### What you are asked to do
The reply must repeat the listing below exactly and carry none of its pictures.

### Exercise data
────

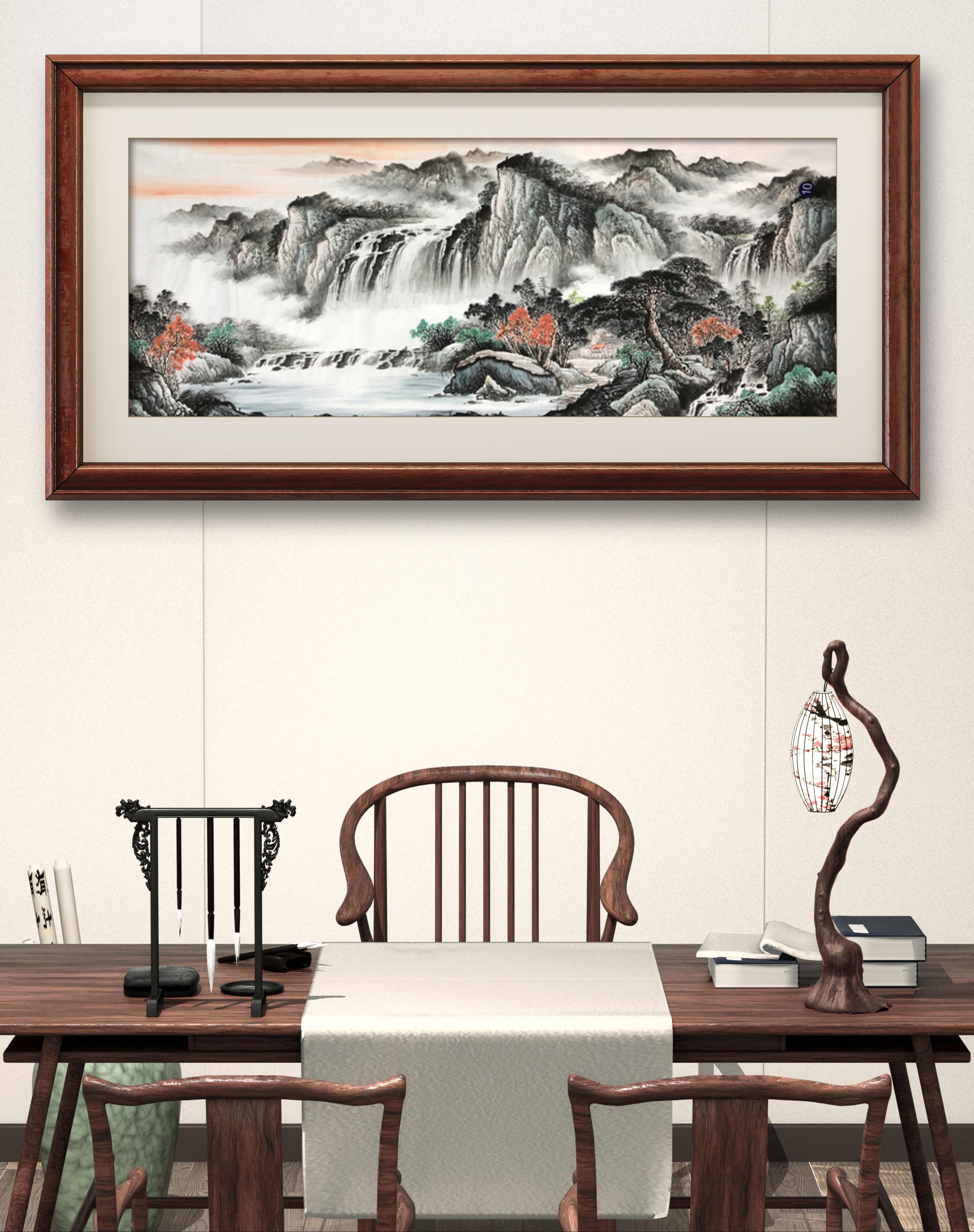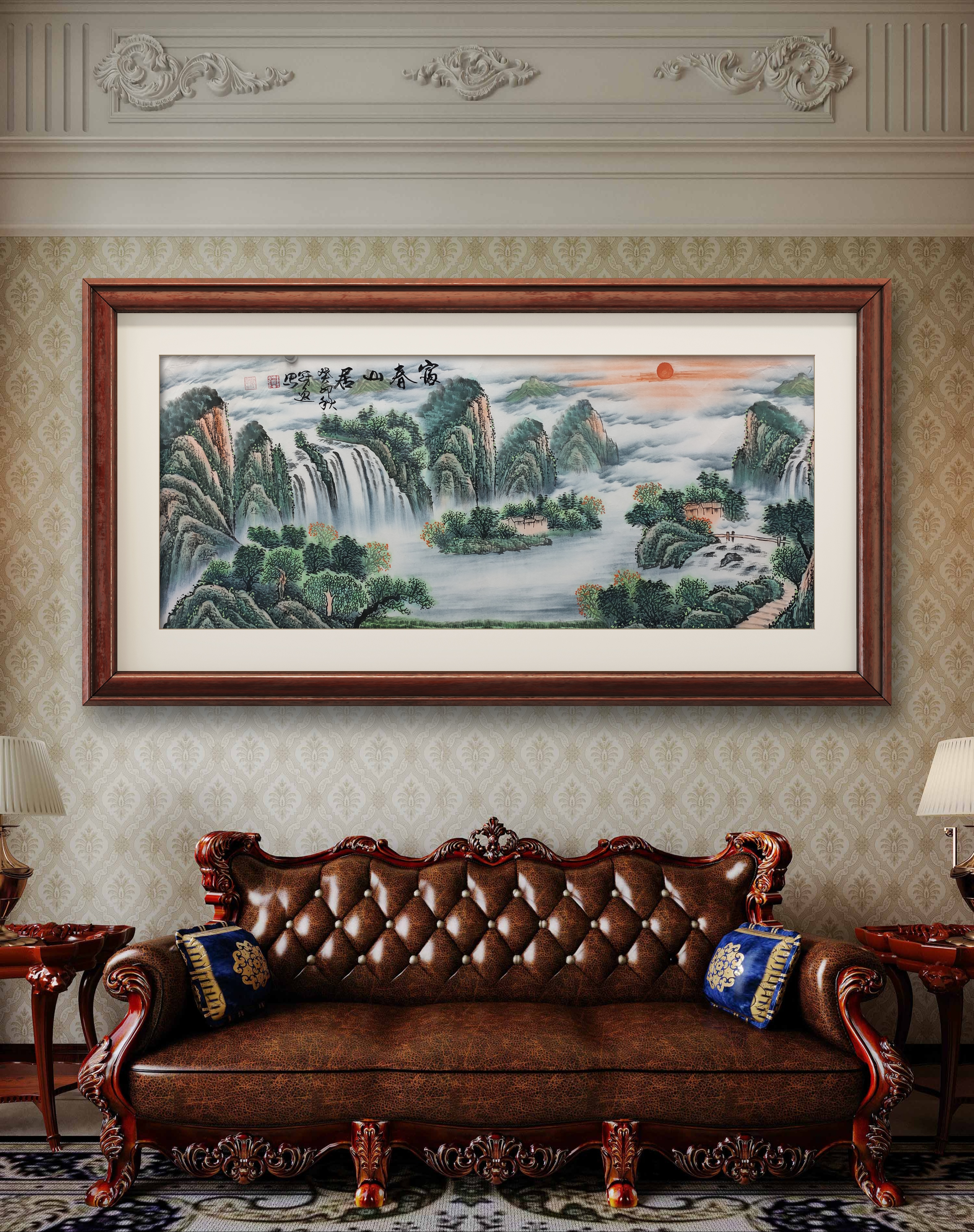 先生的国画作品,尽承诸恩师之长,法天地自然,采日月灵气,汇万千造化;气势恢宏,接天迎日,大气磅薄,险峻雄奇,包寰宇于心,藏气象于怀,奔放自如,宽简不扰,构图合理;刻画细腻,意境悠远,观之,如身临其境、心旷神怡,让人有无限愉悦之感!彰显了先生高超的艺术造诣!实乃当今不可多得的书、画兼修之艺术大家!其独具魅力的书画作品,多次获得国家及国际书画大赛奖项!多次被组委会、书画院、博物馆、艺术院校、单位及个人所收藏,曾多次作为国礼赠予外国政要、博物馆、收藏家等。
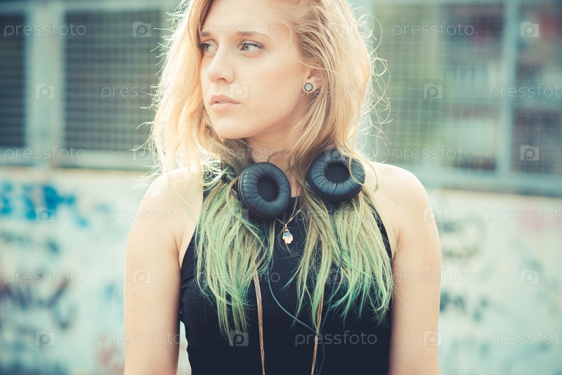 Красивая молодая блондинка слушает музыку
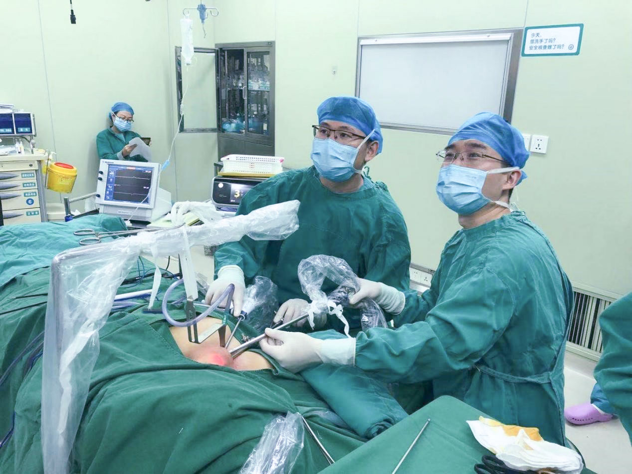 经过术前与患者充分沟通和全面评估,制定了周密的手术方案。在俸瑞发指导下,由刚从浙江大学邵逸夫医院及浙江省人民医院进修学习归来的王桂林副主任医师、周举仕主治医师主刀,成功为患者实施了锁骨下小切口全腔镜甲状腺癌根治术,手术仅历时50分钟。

────

### Final answer
 先生的国画作品,尽承诸恩师之长,法天地自然,采日月灵气,汇万千造化;气势恢宏,接天迎日,大气磅薄,险峻雄奇,包寰宇于心,藏气象于怀,奔放自如,宽简不扰,构图合理;刻画细腻,意境悠远,观之,如身临其境、心旷神怡,让人有无限愉悦之感!彰显了先生高超的艺术造诣!实乃当今不可多得的书、画兼修之艺术大家!其独具魅力的书画作品,多次获得国家及国际书画大赛奖项!多次被组委会、书画院、博物馆、艺术院校、单位及个人所收藏,曾多次作为国礼赠予外国政要、博物馆、收藏家等。
 Красивая молодая блондинка слушает музыку
 经过术前与患者充分沟通和全面评估,制定了周密的手术方案。在俸瑞发指导下,由刚从浙江大学邵逸夫医院及浙江省人民医院进修学习归来的王桂林副主任医师、周举仕主治医师主刀,成功为患者实施了锁骨下小切口全腔镜甲状腺癌根治术,手术仅历时50分钟。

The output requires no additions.